Remington subpoenas school records of Sandy Hook shooting victims

Some of the remaining memorial items to Sandy Hook Elementry students and staff who died are viewed in Newtown, Connecticut, on January 3, 2013. Photo: Timothy A. Clary/AFP via Getty Images
A gunmaker being sued by nine families of Sandy Hook shooting victims has subpoenaed school records belonging to five children and four educators who were killed, the Connecticut Post reports.
Driving the news: Lawyers representing the nine families in court on Thursday sought to seal the records requested by the now-bankrupt Remington company.
- Remington requested attendance records, report cards and other documents for the deceased children and educators, according to court documents.
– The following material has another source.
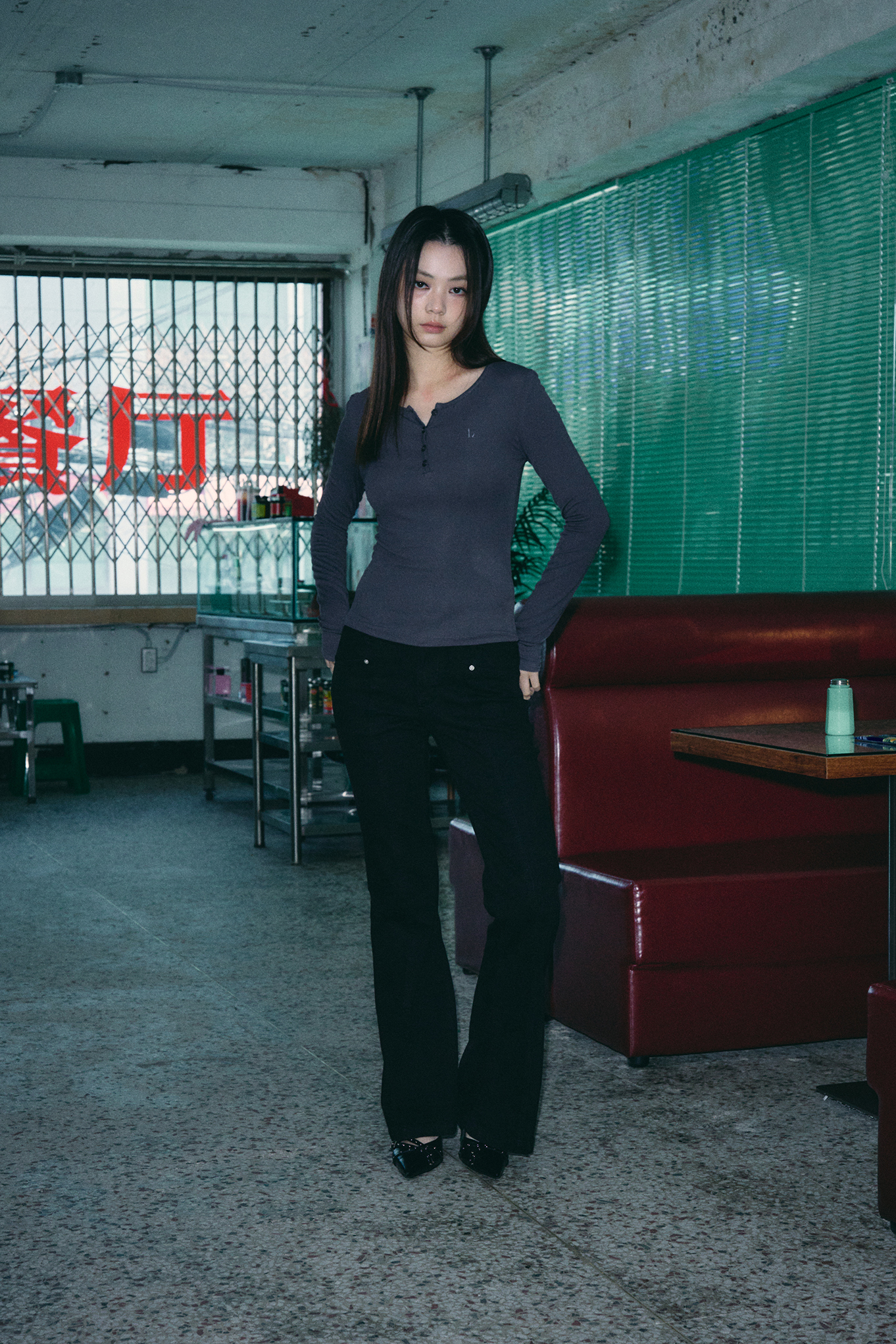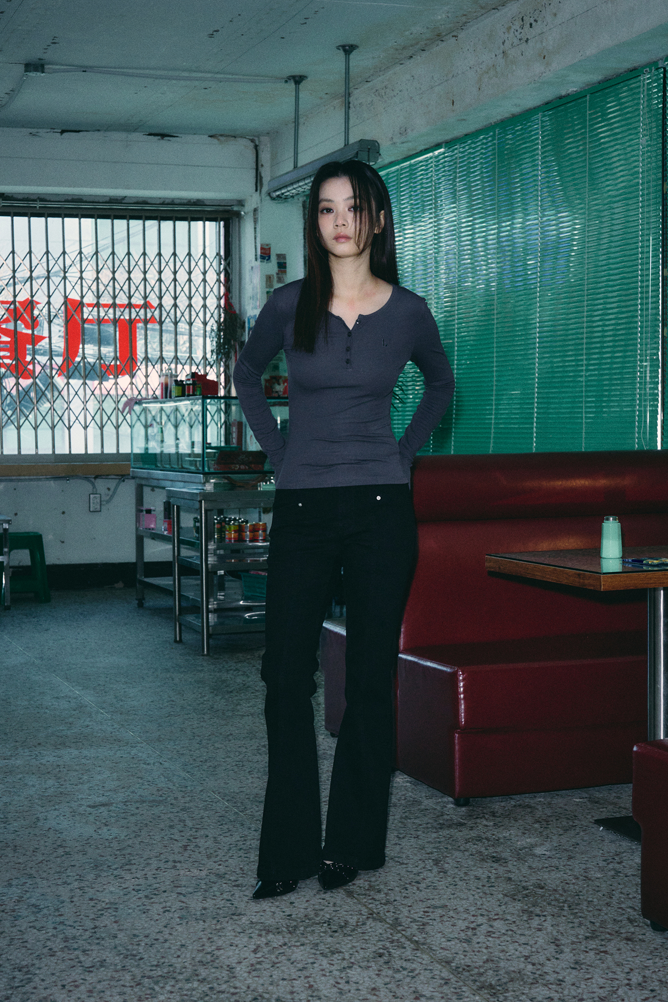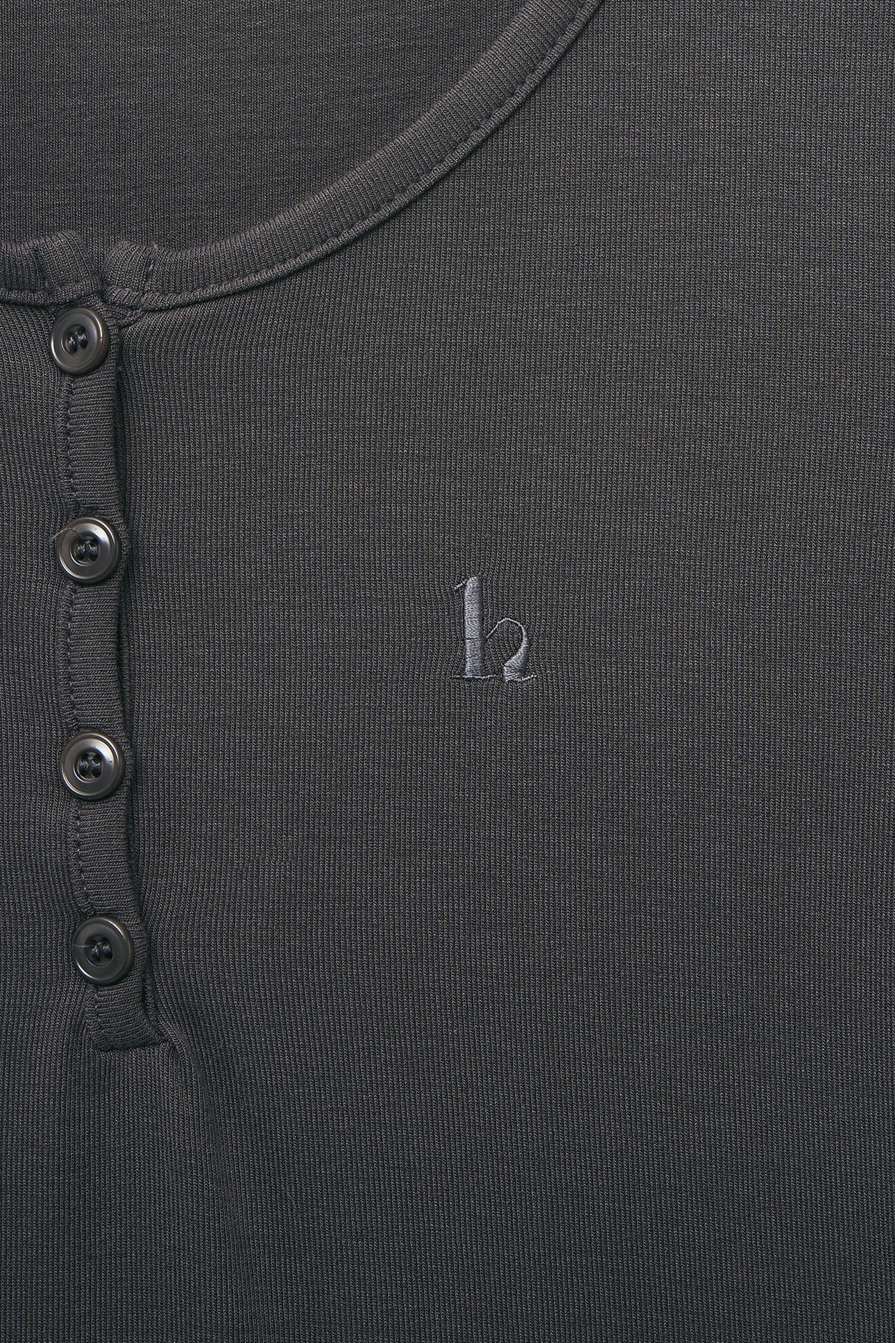 - 캐주얼한 무드의 헨리넥 디자인을 담은 롱 슬리브입니다.
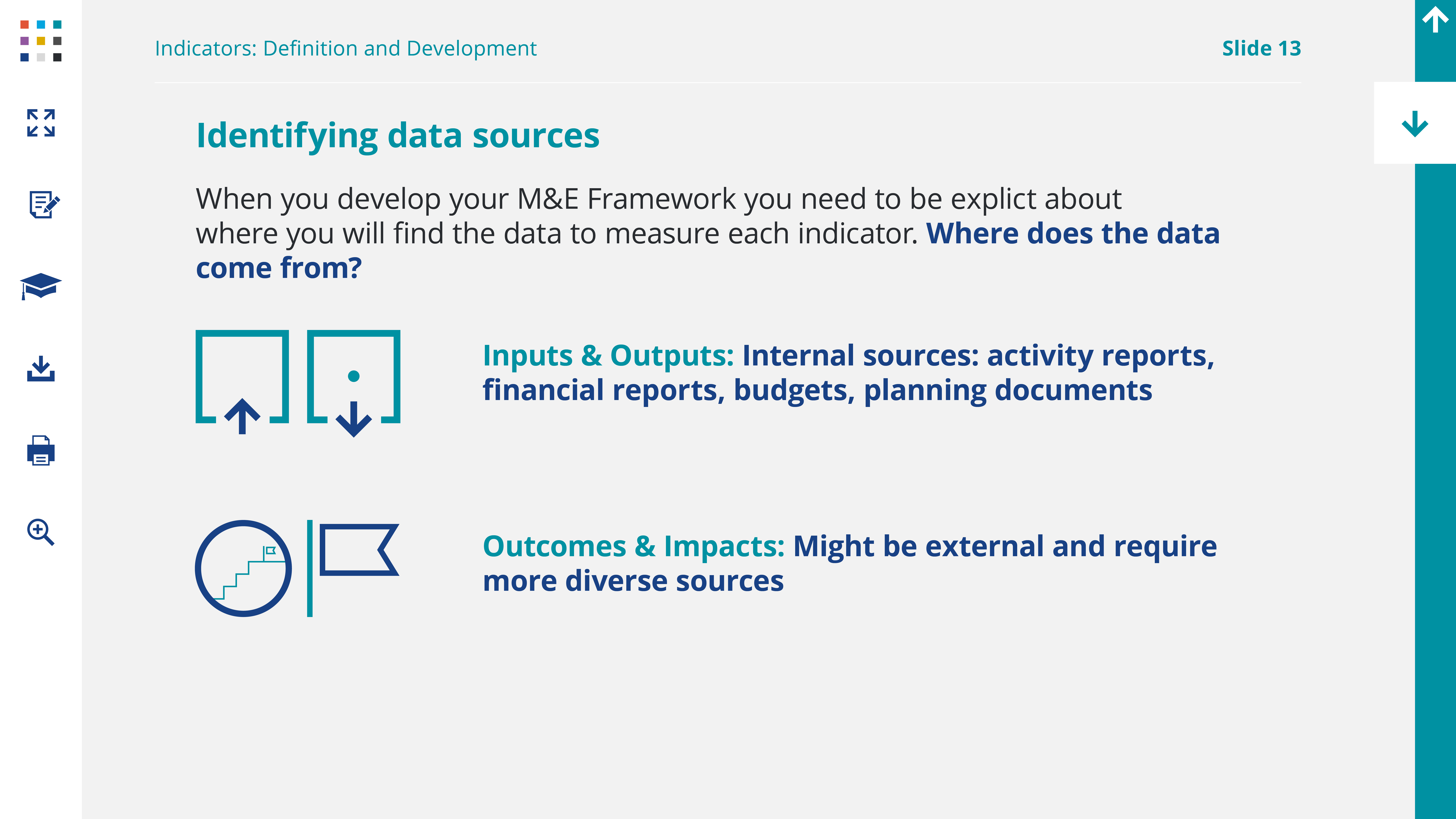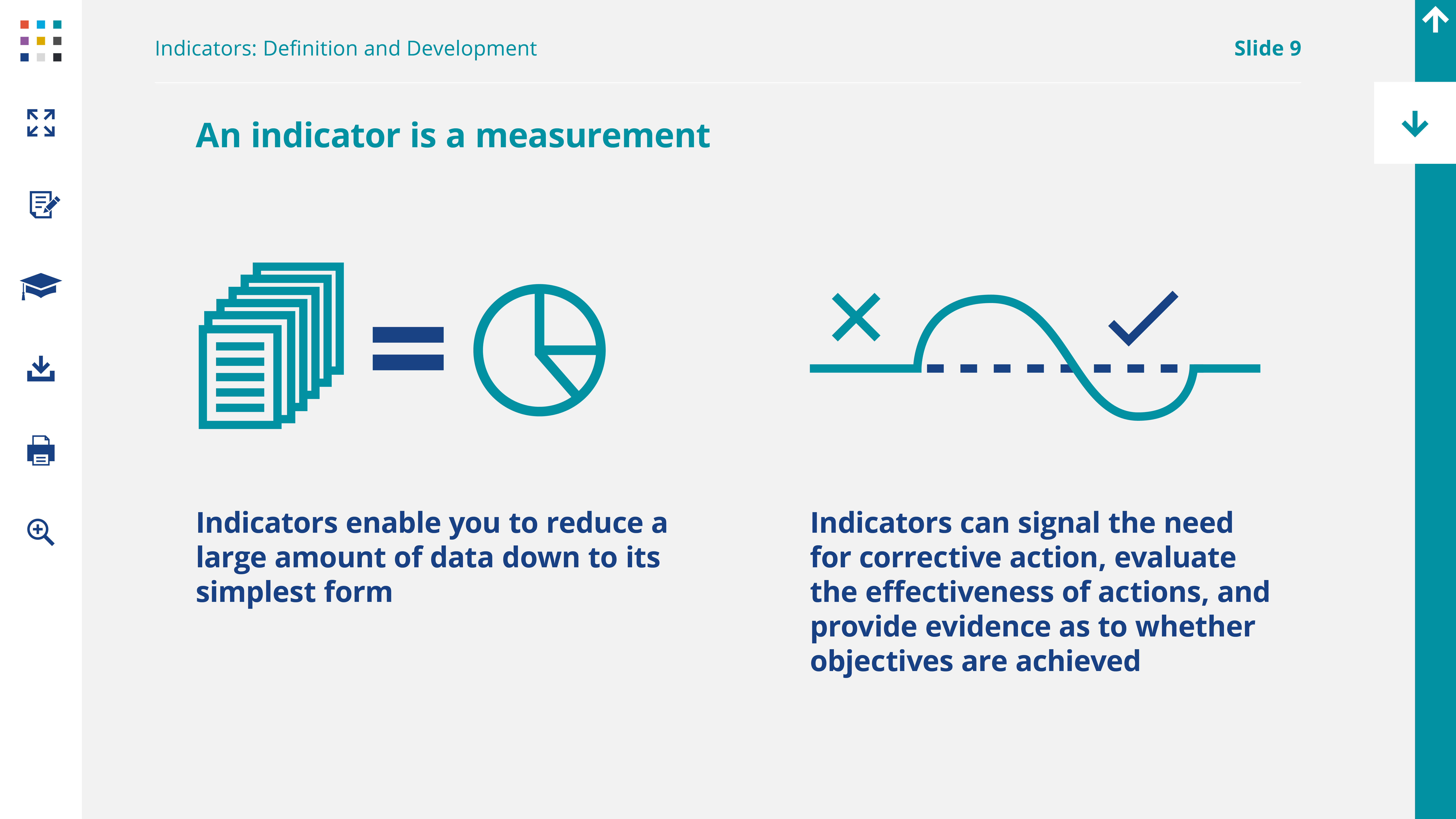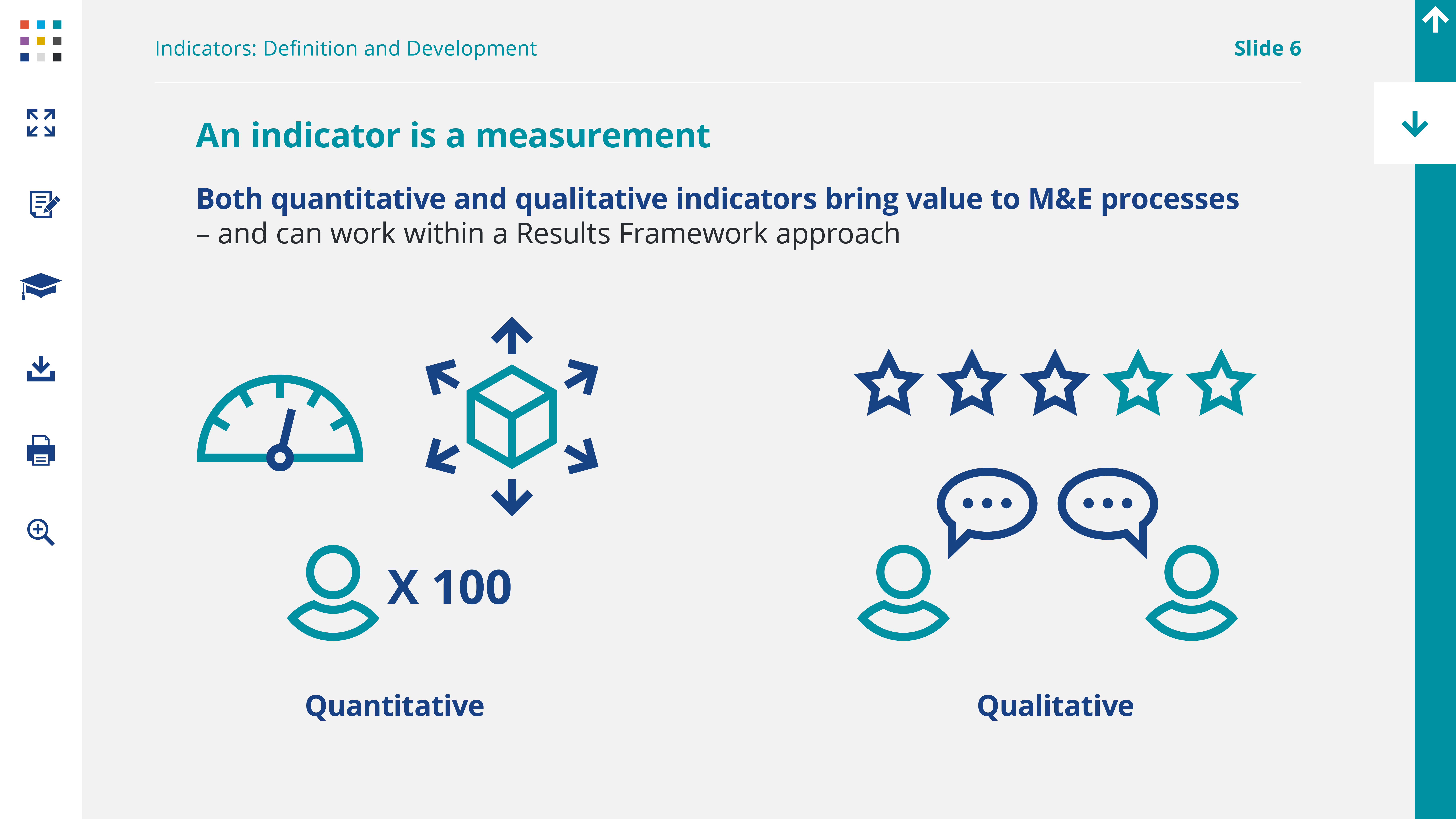 Indicators are where data enter our M&E system. They help us to see what we have done and to put it in measurable terms. And they can help us to manage a lot of data and make it understandable and useful. Once this information is placed back into the context of your activities and programmes, it can then be used to check progress and inform future decision making.

- "The records cannot possibly excuse Remington’s egregious marketing conduct, or be of any assistance in estimating the catastrophic damages in this case," the families’ lead attorney, Josh Koskoff, said, per the Post.
- "The only relevant part of their attendance records is that they were at their desks on December 14, 2012."
The big picture: The subpoena comes as a high-profile case between the nine families and Remington gears up for a jury trial slated for later this year or early 2022. The families are suing the gunmaker for their marketing practices.
- The families who lost loved ones in the Sandy Hook shooting — which killed 20 first-graders and six educators — say that Remington "recklessly marketed a military-grade gun to civilians," the Connecticut Post writes.
- Remington argues that it manufactured a legal firearm and that the gunman, not the manufacturer, is responsible for the shooting.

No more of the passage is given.